Desde que a primeira pessoa foi transferida para a Baía de Guantánamo em 2002, temos feito campanha para que todos os detidos sejam libertados imediatamente ou acusados de um crime reconhecível e tenham um julgamento justo.
Logo após sua eleição como presidente em 2009, Barack Obama prometeu fechar o campo em um ano. Guantánamo permaneceu fechado por mais tempo durante o mandato do presidente Obama do que durante o de seu antecessor, George Bush.
A indignação internacional levou à libertação de muitos. Mas mais de 30 permanecem atrás das grades e não cessaremos nossa luta até que recebam justiça e reparações.
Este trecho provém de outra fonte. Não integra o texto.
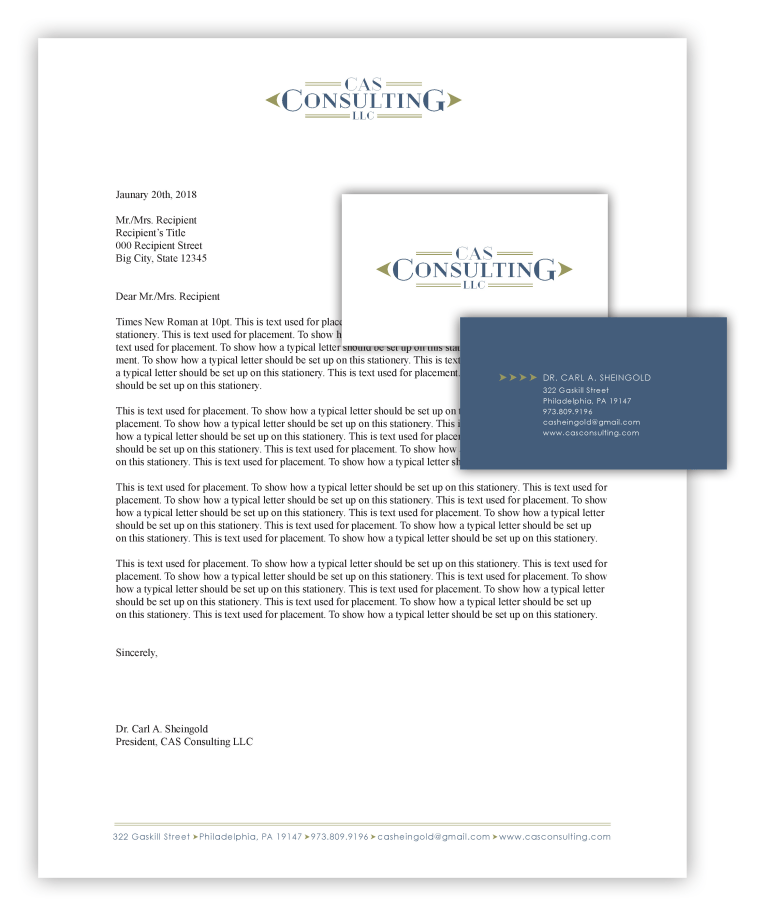 Identity for a nonprofit consultant. Logo, business cards, and letterhead.

Embora os governos devam proteger os cidadãos da ameaça do terrorismo, essa ameaça nunca deve ser usada para justificar a violação dos direitos humanos ou para reprimir a oposição e a dissidência legítimas.
O presidente Biden precisa finalmente corrigir esse erro . Sua administração deve transferir todos os detidos restantes que não foram acusados de crimes para países onde estarão seguros e seus direitos humanos serão respeitados.
Em 2023, fizemos um novo apelo ao Presidente Joe Biden para que fechasse o notório centro de detenção onde 35 pessoas ainda estavam detidas.